Lessons To Help You Get Started & Sometimes To Keep Going

Lesson 7: Watch That Date

Although it is an exhilarating experience to discover a date long sought  in genealogy, how valid is this newly-found date?

For years, professional genealogists have been insistent about the pitfalls of accepting at face value any date recorded anywhere.  Never, they say, rely upon a single source.  Accept as truth only a date which has proof from many sources.

An interesting study conducted in Alpena County, Michigan, involved death records. The purpose was to prove or disprove the cautious stand taken by genealogists about questioning all dates unless several sources agree.   From 1865 to 1879, 661 deaths had been recorded in Alpena County in one or  more of the following sources:  one, "Death Book A," located in Alpena  County Courthouse; two, cemetery stones found in three cemeteries; and  three, death notices printed in the ALPENA WEEKLY ARGUS, a newspaper in that county.

Courthouse records only began in 1871, so the years for the study included  1871-1879.  Of the 661 recorded deaths from 1865 to 1879, 523 were recorded  in only one of the three sources given above; 114 deaths were recorded in  two of the three sources; and only 24 were recorded in all three sources.   Of the 114 deaths with two sources, 15 were not used because the cemetery  stones gave only the year of death, or the courthouse record lacked the day  of death.

It should be noted that the deaths studied were recorded deaths only.  There  would be no way to study the total number of deaths, as many were not  recorded.   The interesting results of the test were as follows:      * Of 30 deaths recorded in both the courthouse and the ARGUS, only 15        had the same dates.           * Of 19 deaths recorded in the cemeteries and the ARGUS, only six had        the same dates.     * Of 44 deaths recorded in both the cemeteries and the courthouse, 18        had the same date.       * Of 24 deaths recorded in all three sources, only six had the same        date.

It would seem that, of the 661 recorded deaths, only the six which were  recorded exactly the same in all three sources could be accepted as truth. It seems to follow that family historians cannot depend on finding accurate  information by using just one source.  As far as possible, researchers  should check all available sources in a community.

It will always be necessary to take into account the human errors made by  the clerk, the typesetter, the stone engraver, and the person providing the  information.  So, when that long-sought-for date is found, suppress the  exuberance!  The door has just been opened, slightly.
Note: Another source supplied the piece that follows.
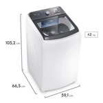 Funções: Dispenser Autolimpante, Diluição Inteligente, Turbo Agitação, Turbo Secagem, Limpeza de Cesto, Reutilização de Água, Avança Etapas, Programa Tênis, Programa Edredom, Duplo enxágue, Agitação/secagem

Question everything you read or find!  (Abstracted from
"Documenting Your  Research" by Stan Beck, from FAMILY TRAILS by the
Michigan Department of  Education, Vol. 6, No. 2, Winter 1979; by way
No. 11, Sept. 1980)

In a nutshell, the calendar (Julian for Julius Caesar) in use until 1582  was in error by 11 minutes 14 seconds every year and had March 25 as the  start of the new year. Pope Gregory XIII fixed it by starting a new calendar (Gregorian) with Jan 1 as the first day in the new year.  This happened in 1582, but different countries adopted the "new calendar" at various times  - with 1752 being the adoption year for England and us Colonies.  Be careful when finding dates in this time frame - Sept. 2, 1752 was followed by  Sept 14, 1752! (that's the actual date the change was made). Because of the change, standard practice is to show "double dates" for any  date Jan 1 to March 25 prior to 1752.  FTM has adopted the procedure that  if you only enter one date, it is assumed (there's THAT word!) to be the  second year (ie - your example of Jan 1, 1730 will show as Jan 1, 1729/30)  because most of the people used the Gregorian calendar, while the government used the Julian Calendar.  You can force it to what you want by entering  the whole thing (Jan 1, 1730/1731 if that's what you wanted), or you can  turn off "double dating".  ____________________________________

From a distant cousin who works on Russian genealogy and
specifically Germans form Russia translations, the issue has come up of
Old Russian Calender Calulations. Until 1700, when Peter I introduced the
European year-count  in Russia {based on the birth fo Christ], the
era was counted "from the  creation of the world", that is, 5508
before Christ. We are officially  living in the Year 7508 AM (from
date of creation,according to Old  Russian Calender calculations
based on the Old Testament).

So if you have old Russian genealogy and learn that some relative got a trade charter with the Russians in 7189, to convert you would have to subtract 5508.  In short, today is 7508 minus 5508 = year 2000. To understand  this calendar a bit one has to recognize that the Byzantine Orthodox  Church had much in common with the Old Testament and the "date of  creation" (AM) is deep in the Christian tradition. But in 1700  the calendar reformations of Peter the Great were part of his anti-clerical reforms and he introduced the European year-count.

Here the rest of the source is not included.